What to watch on Pharos
Signals that matter most
- 01
NAV-tag treatment on the peg table — `navToken: true` coins show "NAV" rather than bps in the peg-deviation column.
- 02
Reserve composition on `/stablecoin/[id]/` — these should be majority `very-low` risk (Treasuries, repos, cash). Anything else is unusual.
- 03
Redemption Backstop route family — most NAV tokens show `offchain-issuer` with bank-wire settlement; watch `settlementDelaySec`, `dailyLimitUsd`, `minRedeemUsd`, and `holderEligibility`.
- 04
Yield Score (PYS) on `/yield` — PYS rewards consistent Treasury-derived yield over reward-heavy or single-source-dependent venues.
- 05
`navToken` exclusion from DEWS — DEWS skips NAV tokens; the closest equivalent stress signal is the Redemption Backstop snapshot and issuer reserve cadence.
- 06
Proof-of-Reserves attestor tier and cadence on the detail page — `big4` with daily NAV is the gold standard for tokenized funds; `niche` is acceptable but slower to respond.
Tracked examples
Live coins using this design
- BUIDLBlackRock USD
BlackRock's institutional money-market fund issued under SEC Reg D. Majority short Treasuries with a repo and cash float. Custodied at BNY Mellon, administered by Securitize.
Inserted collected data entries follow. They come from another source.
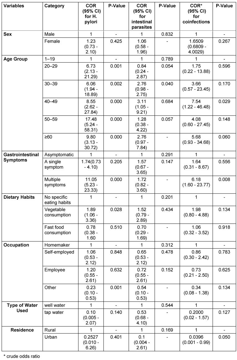 Table 3: Regression analysis of factors related to H. pylori and intestinal parasite co-infection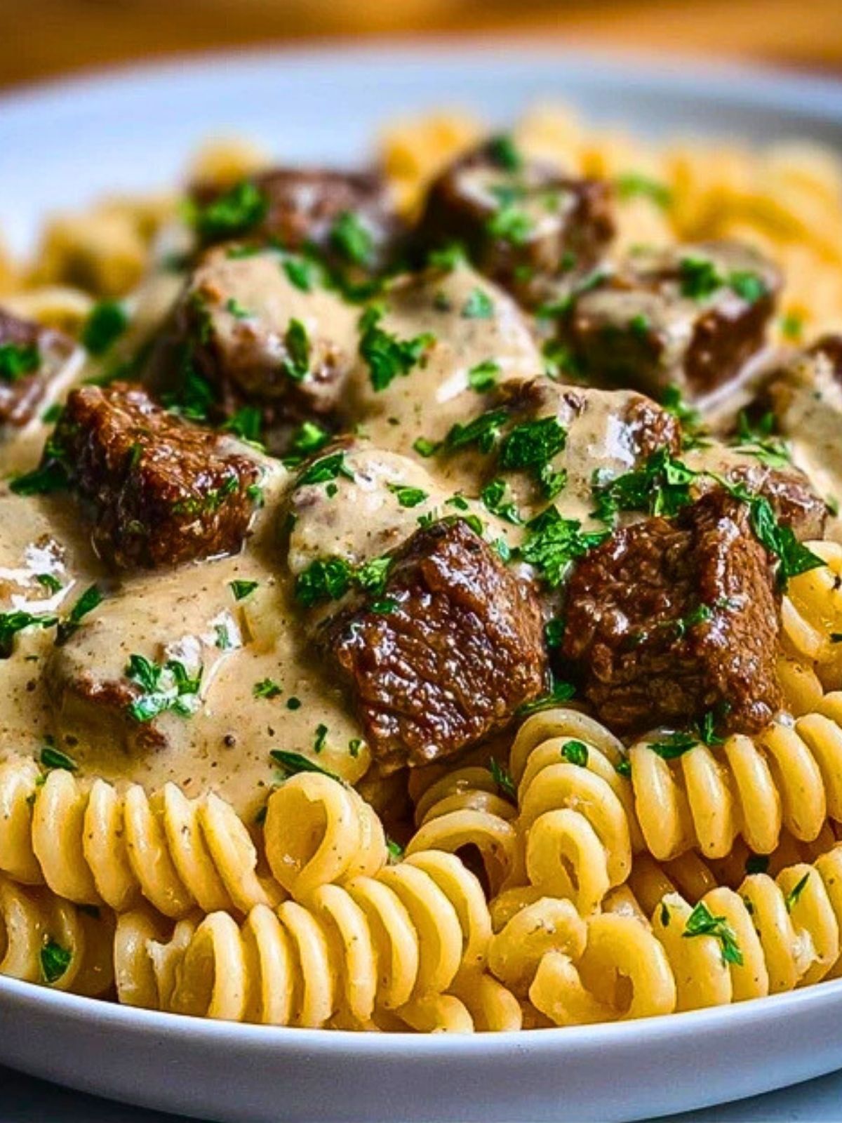 This pasta dish is perfect for weeknight dinners when you want something special, or a cozy weekend meal that feels like a hug in a bowl. It’s hearty, satisfying, and packed with flavor thanks to the browned butter, fresh garlic, heavy cream, and well-seasoned steak cubes that make it an unforgettable one-pan meal.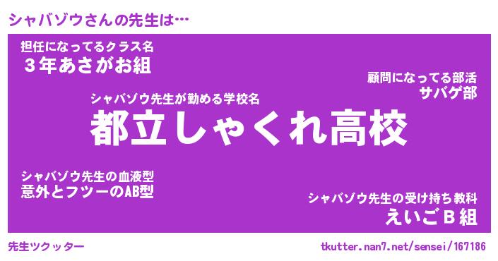 | ファンタジー風あだ名 | 『シャフェル』『エターナルシャバゾウー』 |

- BENJIFranklin OnChain U.S. Government Money Fund
On-chain share record for Franklin Templeton's FOBXX, an SEC-registered U.S. government money market fund. Stable $1.00 NAV; yield distributed by daily rebasing of share count.
- USDYOndo US Dollar Yield
NAV-appreciating dollar token backed by short Treasuries, iShares Short Treasury Bond ETF shares, and bank demand deposits. Permissioned for non-U.S. investors; bank-wire redemption at daily NAV.
- OUSGOndo OUSG
NAV-accreting share class for U.S. Qualified Purchasers. Reserves are mostly BUIDL with a smaller BlackRock FedFund and USDC liquidity float. Instant T+0 mint/redeem against USDC via OUSGInstantManager; whitelisted transfer only.
- USDTBEthena USDtb
Fiat-cash-style mint/redeem with reserves mostly in BUIDL plus a USDC float. Issued by Anchorage Digital Bank under OCC supervision. Designed as the calm reserve asset behind USDe.
Variations
Sub-flavors within the archetype
- Tokenized money-market funds with stable $1 NAV
- BENJI and similar share tokens operate as $1-stable funds where yield is paid out by rebasing share count. UX looks fiat-cash; the legal wrapper is a fund.
- NAV-accreting fund shares
- BUIDL, USDY, OUSG, and USYC let per-unit price drift up over time. Pharos flags these with `navToken` and shows "NAV" instead of bps on peg-deviation tables — price drift is signal, not depeg.
- Hybrid yield-bearing stablecoins
- USDtb (Ethena) and the M0-built family use T-Bill reserves to back a token that does target $1. The exit rail differs from a pure NAV token; the reserve mechanics are the same.